En termes de valorisation, il pointe également que le rebond récent du marché américain l’a ramené vers des niveaux de valorisation relativement élevés d’un point de vue historique à plus de 22 fois les bénéfices attendus. « La différence de valorisation avec l’Europe ne peut plus se justifier par une incertitude politique plus importante en Europe, alors que le gouvernement américain vient de faire passer une loi budgétaire qui va creuser considérablement le déficit budgétaire alors que le taux américain à 10 ans est déjà sur des niveaux élevés ».
Dans ce contexte, Anthony Bailly reste convaincu que le momentum favorable de la Zone Euro peut se poursuivre, notamment vers les secteurs cycliques et domestiques dont la valorisation reste attractive. De même, l’accord sur les tarifs douaniers devrait permettre aux secteurs exportateurs de refaire une partie de la sous-performance du premier semestre ».
Privilégier le crédit
Au niveau des marchés obligataires, Emmanuel Petit (Head of Fixed Income) souligne que les opportunités actuelles se trouvent difficilement du côté des obligations gouvernementales, avec une Réserve Fédérale qui ne semble pas encore disposée à détendre le loyer de l’argent, tandis que la Banque Centrale Européenne devrait désormais se mettre en pause. « Le financement des déficits budgétaires reste une inquiétude latente pour de nombreux investisseurs ». Et aux Etats-Unis, la nomination du prochain président de la Réserve Fédérale constitue un autre facteur d’incertitude à moyen terme.
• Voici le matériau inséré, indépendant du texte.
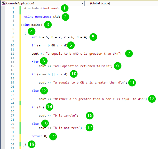 - 如果上述if语句为假,则在控制台上打印的文本。endl是C++中的换行关键字。它会将光标移到下一行开始打印。}标志着else语句体块的结束。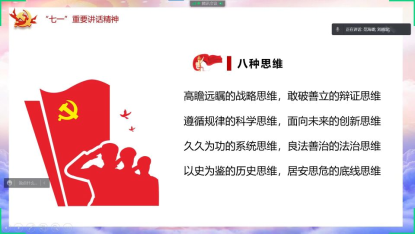 范海璐指出,深入学习习近平总书记“七一”重要讲话精神,要把握四个方面的深刻内涵。一是深刻认识全面建成小康社会的伟大成就,这历史性地解决了绝对贫困问题,但仍要以永不懈怠的精神状态、一往无前的奋斗姿态,向着实现第二个百年奋斗目标奋勇前进。二是深刻认识中国共产党百年光辉历程和伟大成就,党的百年奋斗不仅从根本上改变了中国人民的前途命运,也深刻影响了世界历史进程,为人类探索更好的制度和新的文明形态提供了中国经验、中国方案、中国智慧。三是深刻认识伟大建党精神的科学内涵和时代价值,要继续弘扬光荣传统、赓续红色血脉,永远把这精神继承下去、发扬光大。四是深刻认识新征程上以史为鉴、开创未来的根本要求,总结历史经验、把握历史规律,增强开拓前进的勇气和力量,用“九个必须”深刻揭示了过去我们为什么能够成功、未来我们怎样才能继续成功的深刻道理。她还通过放映党百年建设的红色视频,生动形象地使同学们体会到,一百年来,中国共产党团结带领中国人民攻坚克难,“为有牺牲多壮志,敢教日月换新天”的大无畏气概。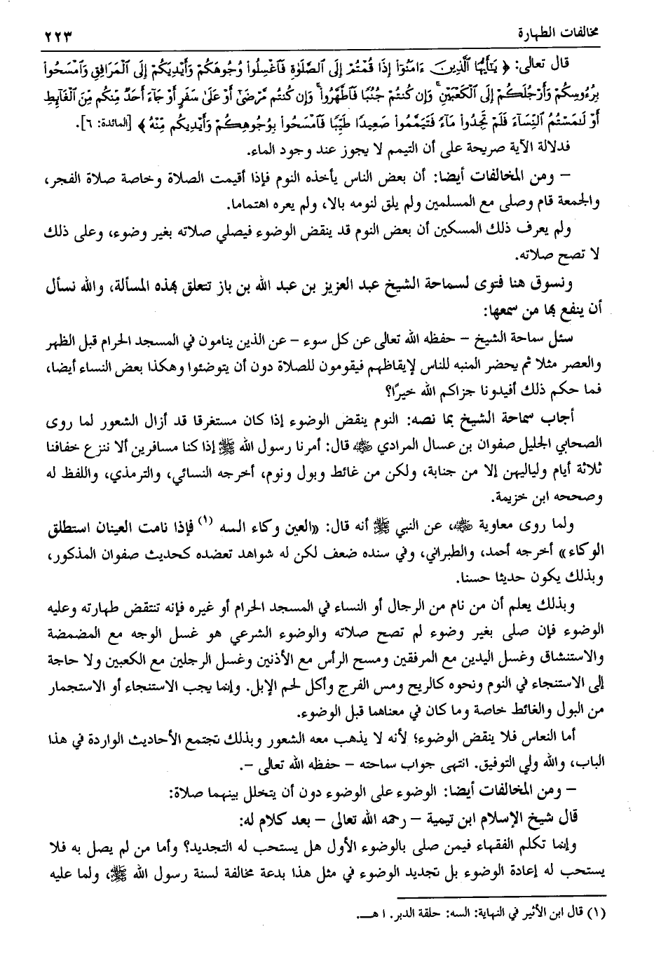 وبذلك يعلم أن من نام من الرجال أو النساء في المسجد الحرام أو غيره فإنه تنتقض طهارته وعليه الوضوء فإن صلى بغير وضوء لم تصح صلاته والوضوء الشرعي هو غسل الوجه مع المضمضة والإستنشاق وغسل اليدين مع المرفقين ومسح الرأس مع الأذنين وغسل الرجلين مع الكعبين ولا حاجة إلى الإستنجاء في النوم ونحوه كالريح ومس الفرج وأكل لحم الإبل. وإنما يجب الإستنجاء أو الإستجمار من البول والغائط خاصة وما كان في معناهما قبل الوضوء.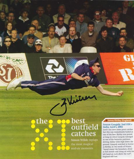 Signed Cricket magazine page featuring Kirtley amazing one-handed diving catch to dismiss Sourav Ganguly in a 2002 ODI v India at Lord's.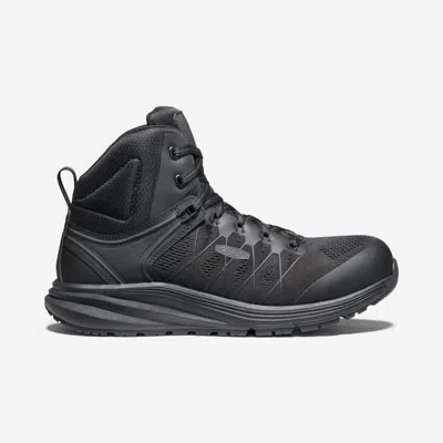 With game-changing cushioning and a breathable upper, this mid-height work sneaker provides additional ankle support for all-day motion.Features100% non-metallic construction for easily passing through metal detectors in highly-secured areasNon-mutilating upper reduces the chance of marking or scratching surfacesKonnectFit heel-capture system for a locked-in feelNylon shank for midfoot supportPFAS-free, durable water repellent repels water just as well as forever chemicals without harming the planetMaterialsKEEN.ReGEN lightweight, compression-resisting midsole providing up to 50% energy return with every stepOil- and slip-resistant non-marking rubber outsoleElectrical hazard (EH) or Electric Shock Resistant (ESR) footwear helps provide a secondary source of protection in case of accidental outsole contact with live electrical circuitsRemovable metatomical insole for comfort and supportSecure fit lace capture systemPlastic HardwareMesh liner provides breathability to help keep feet cool in warm environmentsCareGently brush with a soft, damp sponge to remove loose dirt. Treat stains right away with a gentle cleaner. Air dry away from heat.Safety FeaturesLeft and right asymmetrical, non-metallic carbon toes offer unobtrusive fit and are 15% lighter than steelMeets ASTM F3445-21 and F2413-18 M I/75 C/75 EH standardsMeets ASTM F1677-96 Mark II non-slip testing standardsOutsole and midsole meets ASTM D471-06 903# oil and isooctane chemical resistance standards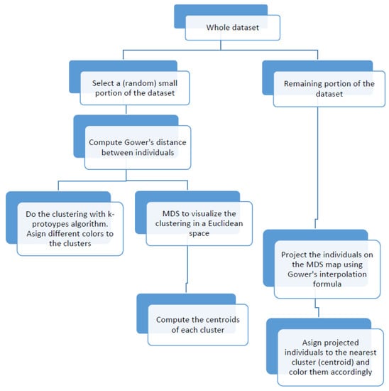 The main objective of this work is to provide a procedure to construct and visualize profiles, i.e., groups of individuals with similar characteristics, for weighted and mixed data by combining two classical multivariate techniques, MDS and the k-prototypes clustering algorithm []. Since classical MDS suffers from computational problems as sample size increases, we propose instead a "fast" MDS based on the selection of a small random sample, which is clustered by means of an adapted version of the k-prototypes algorithm that can cope with Gower’s metric and weighted data. At the same time, the selected sample is mapped onto an MDS configuration and the remaining objects are projected onto the previous configuration via Gower’s interpolation formula. The profile visualization is achieved by assigning each projected object to the closest cluster’s centroid and coloring it accordingly. Finally, profile main characteristics are computed as the “average” member of each cluster, where the mode is considered for categorical variables and the means or the medians for quantitative ones. We give a flowchart with an overview of the algorithm steps in Figure 1.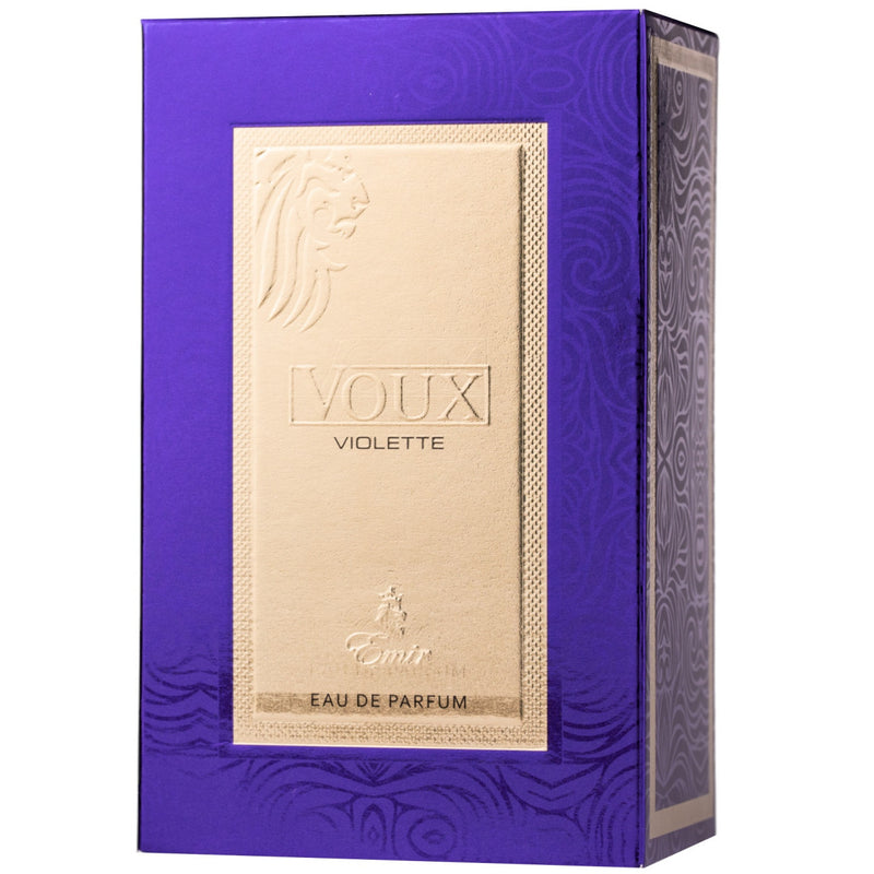 Descopera Emir Voux Violette, o apa de parfum (Eau de Parfum) pentru femei cu un caracter oriental-modern si o prezenta eleganta. Aroma este construita pentru a impresiona prin profunzime si persistenta, fiind potrivita atat pentru zi, cat si pentru seara.

Dans ce contexte, Emmanuel Petit estime que les marchés du crédit constituent actuellement le segment le moins volatil. « La situation financière des entreprises reste solide, et la classe d’actifs offre un rendement absolu attractif. En outre, les périodes de plus forte volatilité doivent être considérées comme des opportunités à saisir, et il faudra se montrer réactif durant les prochains mois en évitant les sociétés les plus fragiles sur leurs secteurs respectifs ». Il privilégie les entreprises les mieux notées sur des échéances comprises entre 5 et 10 ans, ainsi que les émissions provenant du secteur financier au vu de leur valorisation et de leurs fondamentaux solides.